Naar aanleiding van berichten over de vermeende opmars van de Geallieerden maakten begin september 1944 vele Nederlanders zich op om hun bevrijders te begroeten. Radio Oranje meldde op Dolle Dinsdag 5 september dat Breda bevrijd zou zijn. Onder Duitsers en NSB-ers brak vervolgens paniek uit. Administraties werden haastig vernietigd en velen sloegen op de vlucht.

TE VROEG Om ontsnappen voor te zijn arresteerden de Binnenlandse Strijdkrachten in Wijk bij Duurstede de NSB-burgemeester J. van der Beke Callenfels en zijn handlangers. Zij werden tijdelijk ondergebracht bij de familie Van Laar in Amerongen en vervolgens op Valkenheide.

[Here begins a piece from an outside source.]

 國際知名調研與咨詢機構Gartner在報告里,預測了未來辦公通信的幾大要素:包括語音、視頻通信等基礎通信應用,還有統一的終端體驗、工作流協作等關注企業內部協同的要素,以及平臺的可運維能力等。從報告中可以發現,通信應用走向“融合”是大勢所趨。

Hier was intussen ook Frits de Boer, de NSB-burgemeester van de toenmalige gemeente Leersum, gevangengezet door twee Leersumse verzetsstrijders. Hij waarschuwde bij zijn aanhouding: 'Jullie zijn te vroeg'. De zoon van De Boer sloeg alarm waarop een groep SS-ers in actie kwam om de NSB-ers te bevrijden. Op Valkenheide schoten zij de directeur Dirk Noordam, die ziek thuis was, zittend op een stoel voor zijn huis dood. Vervolgens gingen zij naar Amerongen waar zij Willem en Gerrit van Laar, 21 en 19 jaar, doodschoten al hadden deze niets te maken gehad met het vasthouden van de gevangenen op hun boerderij. Van der Beke Callenfels was zelf bij deze strafexpeditie aanwezig.

NEUENGAMME Er volgden nog meer represailles voor de gevangenneming van de burgemeesters. Gemeentesecretaris Gerrit Bos werd opgepakt en keerde zwaar mishandeld terug. Onder het voorwendsel dat het verzet er 's avonds zou vergaderen en er wapens en munitie werden bewaard en persoonsbewijzen vervalst, werd het gemeentehuis van Leersum op 3 oktober 1944 door zestien zwaarbewapende Duitsers omsingeld. Zowel de gemeenteambtenaren Aart Bos, Aart de Ridder, Frederik den Hartog, stagiair Peter Vlijm, als de heren Van der Horst en Klein, leden van de Leersumse evacuatiedienst, werden gearresteerd. Bakker Adriaan van den Berg, die de straat overstak om zijn vrouw aan de overkant gerust te stellen, werd ook meegenomen. De mannen werden, na een etmaal in het postkantoor van Doorn, overgebracht naar Kamp Amersfoort vanwaar zij op 11 oktober met 600 Puttenaren op transport werden gezet naar concentratiekamp Neuengamme. Later werden de heren Van Soest en Terburg ook nog op transport gesteld. Van de groep keerden alleen Van der Horst en Klein terug. De rest kwam om in Neuengamme zelf, of in een van de tachtig bijkampen.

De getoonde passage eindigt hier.